How to identify causal mechanisms in LLMs?

interpretability tools poorly scale with LLMs as they often focus on a small model that is finetuned for a specific task. In this paper, we propose a new method based on the theory of causal abstraction to find representations that play a given causal role in LLMs. With our tool, we discover that the Alpaca model implements a causal model with interpretable intermediate variables when solving a simple numerical reasoning task. Furthermore, we find that these causal mechanisms are robust to changes in inputs and instructions. Our causal mechanism discovery framework is generic and ready for LLMs with billions of parameters.

In this figure, the Alpaca model is instructed to solve our Price Tagging Game,
"Say yes if the cost (Z) is between 2.00 (X) and 3.00 (Y) dollars, otherwise no."
On the top, we have a causal model that solves this problem by having two boolean variables determine whether the input amount is above the lower bound and below the upper bound. Here, we try to align the first boolean variable. To train for an alignment, we sample two training examples and then swap the intermediate boolean value between them to produce a counterfactual output using our causal model. In parallel, we swap activations between these two examples with the neurons proposed to align. Lastly, we train our rotation matrix such that our neural network behaves counterfactually the same as the causal model.

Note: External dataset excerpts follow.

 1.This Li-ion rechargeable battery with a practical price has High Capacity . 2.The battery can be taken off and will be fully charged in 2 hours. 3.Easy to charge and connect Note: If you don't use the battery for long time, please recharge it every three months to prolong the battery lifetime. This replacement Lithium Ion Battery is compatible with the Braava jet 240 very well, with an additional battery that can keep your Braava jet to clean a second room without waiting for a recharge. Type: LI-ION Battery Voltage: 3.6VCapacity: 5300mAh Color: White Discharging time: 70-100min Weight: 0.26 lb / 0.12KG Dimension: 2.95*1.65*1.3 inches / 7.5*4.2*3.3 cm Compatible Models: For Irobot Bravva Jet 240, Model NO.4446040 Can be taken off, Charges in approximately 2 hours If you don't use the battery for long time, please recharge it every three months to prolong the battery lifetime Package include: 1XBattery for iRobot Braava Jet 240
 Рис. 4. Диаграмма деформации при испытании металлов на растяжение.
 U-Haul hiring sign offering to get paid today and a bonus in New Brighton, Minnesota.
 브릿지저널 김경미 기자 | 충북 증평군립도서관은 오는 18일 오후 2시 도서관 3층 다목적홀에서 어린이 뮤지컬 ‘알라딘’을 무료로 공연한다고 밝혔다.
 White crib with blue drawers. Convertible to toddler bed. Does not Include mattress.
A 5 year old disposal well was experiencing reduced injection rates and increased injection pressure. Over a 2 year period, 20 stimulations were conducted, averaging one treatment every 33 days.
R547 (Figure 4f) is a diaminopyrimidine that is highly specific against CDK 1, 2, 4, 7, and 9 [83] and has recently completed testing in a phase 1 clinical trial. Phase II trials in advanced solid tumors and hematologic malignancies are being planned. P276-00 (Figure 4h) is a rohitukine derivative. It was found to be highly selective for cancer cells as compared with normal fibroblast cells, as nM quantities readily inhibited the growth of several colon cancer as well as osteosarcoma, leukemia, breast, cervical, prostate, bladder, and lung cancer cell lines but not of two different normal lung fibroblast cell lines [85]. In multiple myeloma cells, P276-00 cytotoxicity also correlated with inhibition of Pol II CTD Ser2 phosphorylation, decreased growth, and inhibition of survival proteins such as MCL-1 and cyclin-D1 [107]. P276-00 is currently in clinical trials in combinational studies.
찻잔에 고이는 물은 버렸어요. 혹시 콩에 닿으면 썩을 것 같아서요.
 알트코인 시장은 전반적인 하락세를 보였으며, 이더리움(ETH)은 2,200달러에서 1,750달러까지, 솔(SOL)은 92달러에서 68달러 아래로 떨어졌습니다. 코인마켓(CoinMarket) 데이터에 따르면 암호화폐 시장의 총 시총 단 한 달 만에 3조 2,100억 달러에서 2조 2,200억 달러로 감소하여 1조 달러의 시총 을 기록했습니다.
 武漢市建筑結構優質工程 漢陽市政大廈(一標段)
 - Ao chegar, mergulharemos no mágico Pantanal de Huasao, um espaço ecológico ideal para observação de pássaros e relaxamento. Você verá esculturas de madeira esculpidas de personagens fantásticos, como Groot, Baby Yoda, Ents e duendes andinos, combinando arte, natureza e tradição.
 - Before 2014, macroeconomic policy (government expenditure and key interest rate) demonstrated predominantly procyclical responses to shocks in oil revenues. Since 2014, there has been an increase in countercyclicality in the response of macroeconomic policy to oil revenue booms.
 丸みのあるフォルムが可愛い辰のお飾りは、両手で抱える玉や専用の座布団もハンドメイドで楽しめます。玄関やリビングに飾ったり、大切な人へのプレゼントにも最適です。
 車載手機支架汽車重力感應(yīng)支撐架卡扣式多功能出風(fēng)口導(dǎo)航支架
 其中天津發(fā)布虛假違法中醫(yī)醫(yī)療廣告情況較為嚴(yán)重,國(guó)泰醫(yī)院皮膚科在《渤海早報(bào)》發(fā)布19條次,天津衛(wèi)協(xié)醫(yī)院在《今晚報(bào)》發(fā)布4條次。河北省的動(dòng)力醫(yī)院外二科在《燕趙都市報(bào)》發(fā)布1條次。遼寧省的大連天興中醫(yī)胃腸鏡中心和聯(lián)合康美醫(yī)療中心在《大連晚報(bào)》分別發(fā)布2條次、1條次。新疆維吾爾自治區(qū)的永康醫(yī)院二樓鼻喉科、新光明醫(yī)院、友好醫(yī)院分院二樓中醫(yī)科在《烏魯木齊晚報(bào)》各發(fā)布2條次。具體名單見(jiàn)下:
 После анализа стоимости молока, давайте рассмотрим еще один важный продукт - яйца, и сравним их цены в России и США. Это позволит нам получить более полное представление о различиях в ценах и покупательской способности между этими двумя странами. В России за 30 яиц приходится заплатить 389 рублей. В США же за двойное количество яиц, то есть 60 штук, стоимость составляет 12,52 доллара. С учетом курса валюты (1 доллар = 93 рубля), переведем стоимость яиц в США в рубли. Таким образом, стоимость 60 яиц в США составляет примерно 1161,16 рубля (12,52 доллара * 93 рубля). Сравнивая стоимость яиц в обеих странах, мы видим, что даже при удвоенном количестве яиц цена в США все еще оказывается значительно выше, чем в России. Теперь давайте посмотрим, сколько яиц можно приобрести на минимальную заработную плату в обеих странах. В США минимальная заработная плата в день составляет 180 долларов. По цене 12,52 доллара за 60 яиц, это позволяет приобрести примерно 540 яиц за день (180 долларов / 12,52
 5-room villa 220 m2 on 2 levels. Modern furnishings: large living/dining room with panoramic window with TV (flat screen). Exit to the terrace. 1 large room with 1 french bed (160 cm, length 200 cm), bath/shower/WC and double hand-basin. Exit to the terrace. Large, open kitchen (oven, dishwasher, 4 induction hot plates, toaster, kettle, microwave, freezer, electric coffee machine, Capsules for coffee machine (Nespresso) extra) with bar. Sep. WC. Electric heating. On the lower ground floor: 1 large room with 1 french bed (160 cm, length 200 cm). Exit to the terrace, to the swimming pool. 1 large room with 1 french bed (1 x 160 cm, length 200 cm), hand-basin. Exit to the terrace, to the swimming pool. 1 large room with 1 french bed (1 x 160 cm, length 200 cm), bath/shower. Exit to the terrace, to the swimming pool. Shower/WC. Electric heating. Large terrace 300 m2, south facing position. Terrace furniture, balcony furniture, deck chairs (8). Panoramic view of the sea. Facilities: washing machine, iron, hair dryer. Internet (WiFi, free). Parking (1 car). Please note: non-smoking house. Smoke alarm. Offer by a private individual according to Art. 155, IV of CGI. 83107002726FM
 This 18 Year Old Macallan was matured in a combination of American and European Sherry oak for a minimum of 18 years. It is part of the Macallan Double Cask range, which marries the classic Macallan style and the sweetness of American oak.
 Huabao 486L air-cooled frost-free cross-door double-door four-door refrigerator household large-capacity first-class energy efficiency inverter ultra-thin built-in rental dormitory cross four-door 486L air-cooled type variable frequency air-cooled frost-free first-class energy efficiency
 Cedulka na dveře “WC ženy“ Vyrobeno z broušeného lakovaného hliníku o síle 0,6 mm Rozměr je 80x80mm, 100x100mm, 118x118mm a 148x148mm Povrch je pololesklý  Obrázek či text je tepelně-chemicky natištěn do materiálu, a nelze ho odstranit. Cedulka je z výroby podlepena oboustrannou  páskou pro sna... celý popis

Why we scale causal mechanism discovery?

Obtaining robust, human-interpretable explanations of large, general-purpose language models is an urgent goal for AI. Current tools have major limitations:

search space is too large. LLMs has billions of parameters and sequence representations grow as length grows. The search space of neurons are often too large to any heuristic-based search tools.
representations are distributed. The mappings between activations of individual neurons in LLMs to concepts are often many-to-many, not one-to-one. Past works claiming a set of neurons representing a simple concept (e.g., gender) may be specious while neurons can encode something far more complex (e.g., superposition of multiple concepts).
very weak robustness. Alignments or circuits found in previous works often assume a finetuned model trained specifically for the task, and even with a fixed length input with a fixed template. We are not sure whether these alignments generalize or not, and if generalize to what extent.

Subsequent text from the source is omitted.